| What this task involves |
Copy the entries below exactly. Images do not belong in the copy.

| Supplied records |
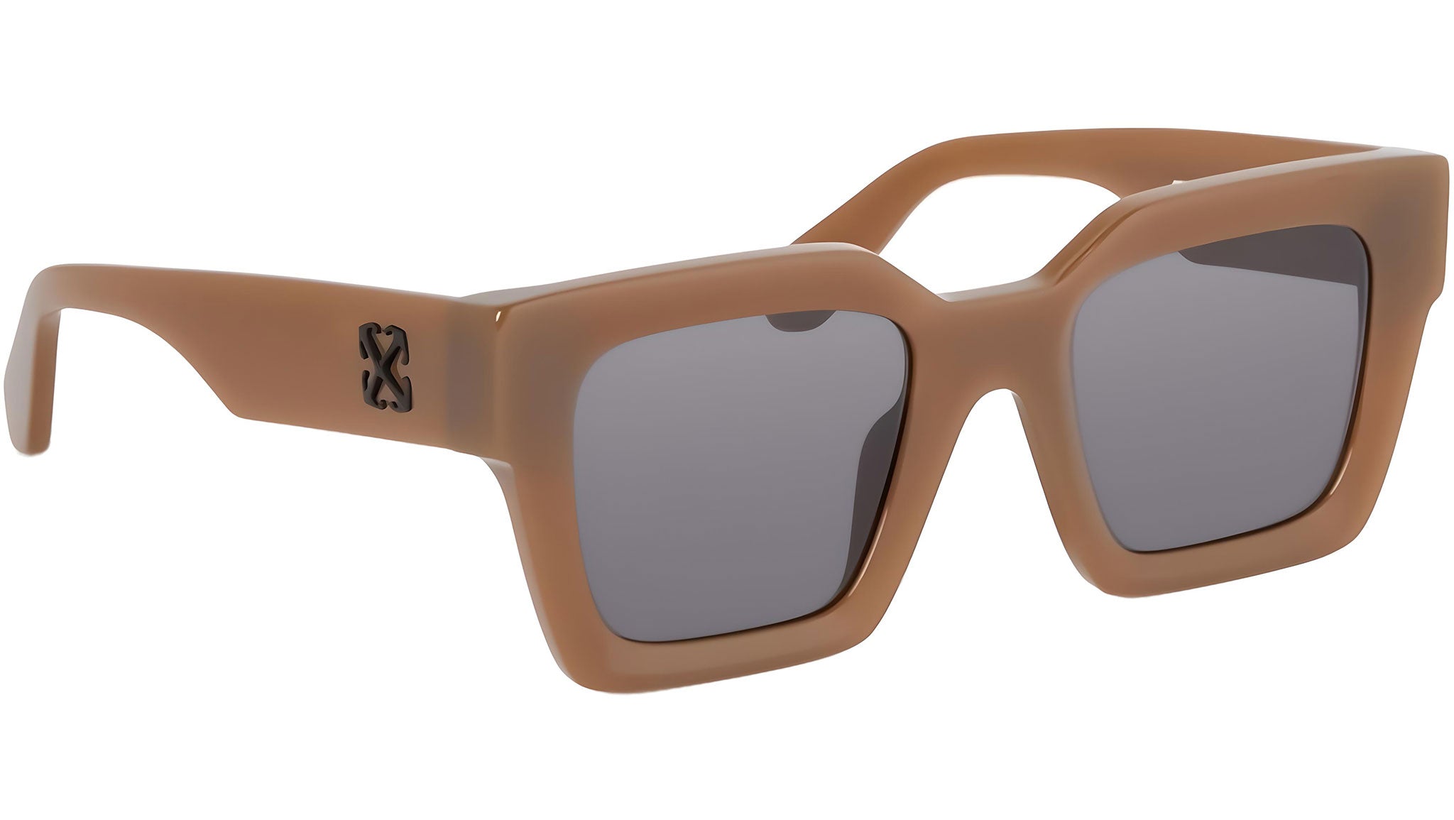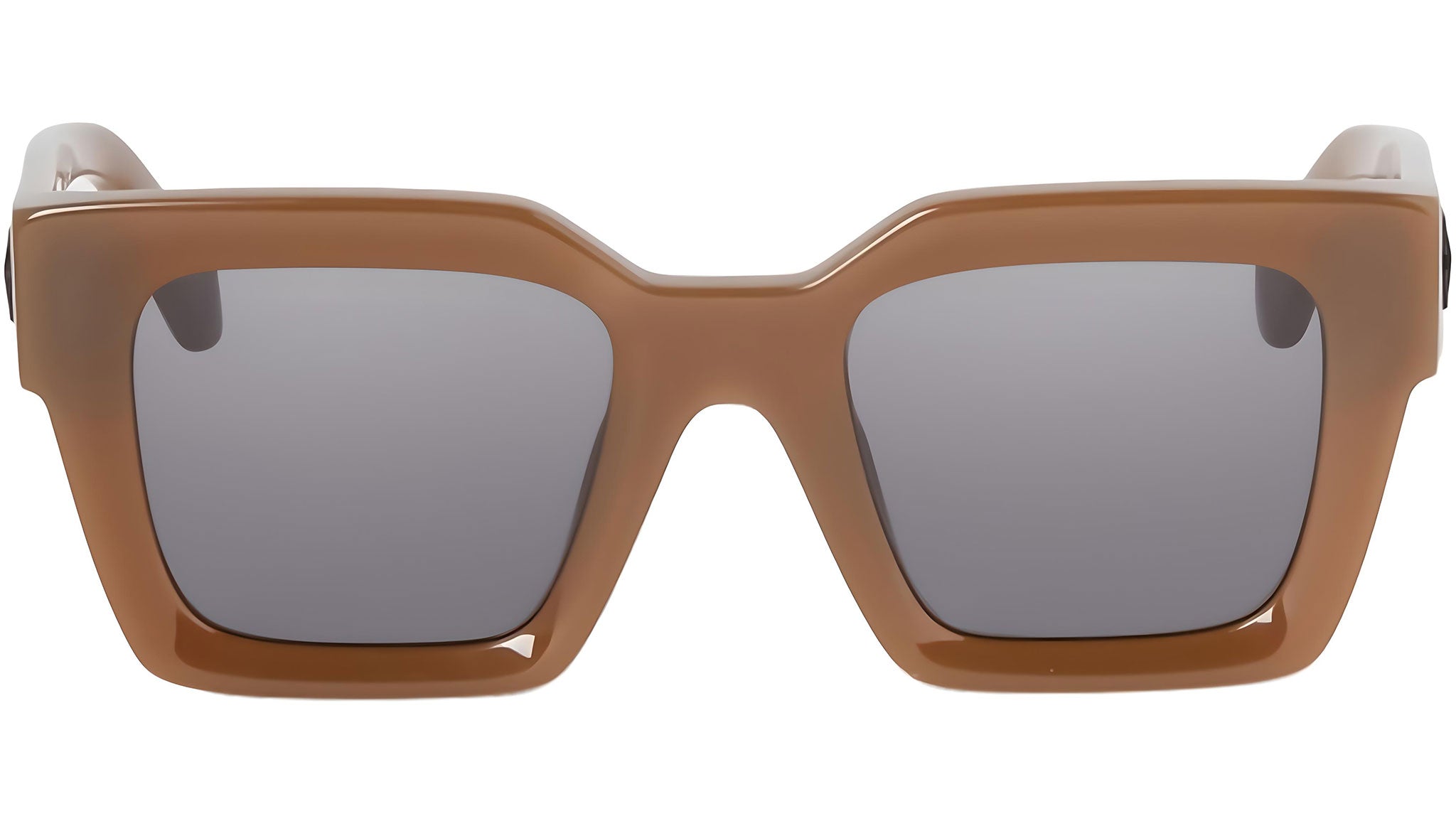 Occhiali da sole Off-White modello Jackson codice colore 7407 con frontale in acetato marrone fango lattiginoso e lenti cat. 3 in polimero CR-39 grigio scuro. Rivenditore autorizzato Off-White Eyewear online. Gli occhiali vengono consegnati con custodia e accessori originali e sono coperti dalla garanzia ufficiale di 12 mesi del produttore.
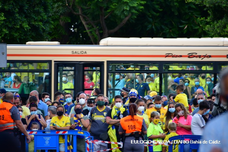 Recibimiento de la afición antes del Cádiz-Fuenla (11-07-2020)
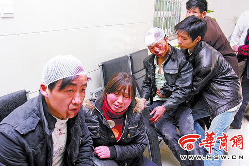 在鳳城醫(yī)院急診科,看見丈夫陳國(guó)權(quán)滿臉血跡,頭裹紗布無力地靠在大廳的椅子上,王克云立即失聲痛哭。陳國(guó)權(quán)說,頭上剛縫了6針。鐘文榜傷勢(shì)更嚴(yán)重,滿臉的血跡已凝結(jié),頭裹紗布,左腿已不聽使喚!八麄儍扇舜蛭乙粋(gè)!辩娢陌裾f。自己看見打人的頭戴著紅色的安全帽,上面有“中國(guó)華西”幾個(gè)字!笆俏(在外面)報(bào)的警,他們看見我報(bào)警了,追出來把我一陣亂打!币慌缘耐蹩饲暹呎f邊流淚。
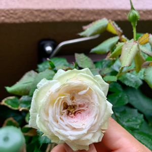 バラゾウムシに繰り返しつぼみをやられたけれど、やっとお花が見られました💕 花びらは傷んでいてアザミウマ居そうだけど、、😆💦
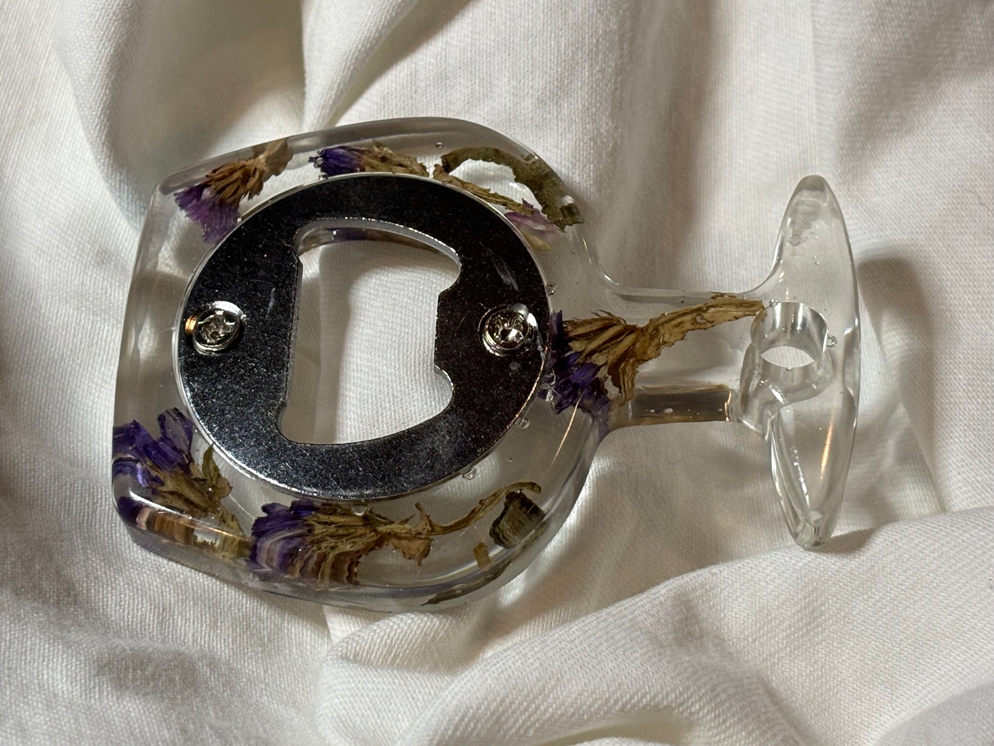 Pop bottles in style! This unique bottle opener is handcrafted in the shape of a bottle and made with real dried flowers preserved in resin. Both beautiful and functional, it makes opening your favorite drinks a little more magical.

| Solution below |
 Occhiali da sole Off-White modello Jackson codice colore 7407 con frontale in acetato marrone fango lattiginoso e lenti cat. 3 in polimero CR-39 grigio scuro. Rivenditore autorizzato Off-White Eyewear online. Gli occhiali vengono consegnati con custodia e accessori originali e sono coperti dalla garanzia ufficiale di 12 mesi del produttore.
 Recibimiento de la afición antes del Cádiz-Fuenla (11-07-2020)
 在鳳城醫(yī)院急診科,看見丈夫陳國(guó)權(quán)滿臉血跡,頭裹紗布無力地靠在大廳的椅子上,王克云立即失聲痛哭。陳國(guó)權(quán)說,頭上剛縫了6針。鐘文榜傷勢(shì)更嚴(yán)重,滿臉的血跡已凝結(jié),頭裹紗布,左腿已不聽使喚!八麄儍扇舜蛭乙粋(gè)!辩娢陌裾f。自己看見打人的頭戴著紅色的安全帽,上面有“中國(guó)華西”幾個(gè)字!笆俏(在外面)報(bào)的警,他們看見我報(bào)警了,追出來把我一陣亂打!币慌缘耐蹩饲暹呎f邊流淚。
 バラゾウムシに繰り返しつぼみをやられたけれど、やっとお花が見られました💕 花びらは傷んでいてアザミウマ居そうだけど、、😆💦
 Pop bottles in style! This unique bottle opener is handcrafted in the shape of a bottle and made with real dried flowers preserved in resin. Both beautiful and functional, it makes opening your favorite drinks a little more magical.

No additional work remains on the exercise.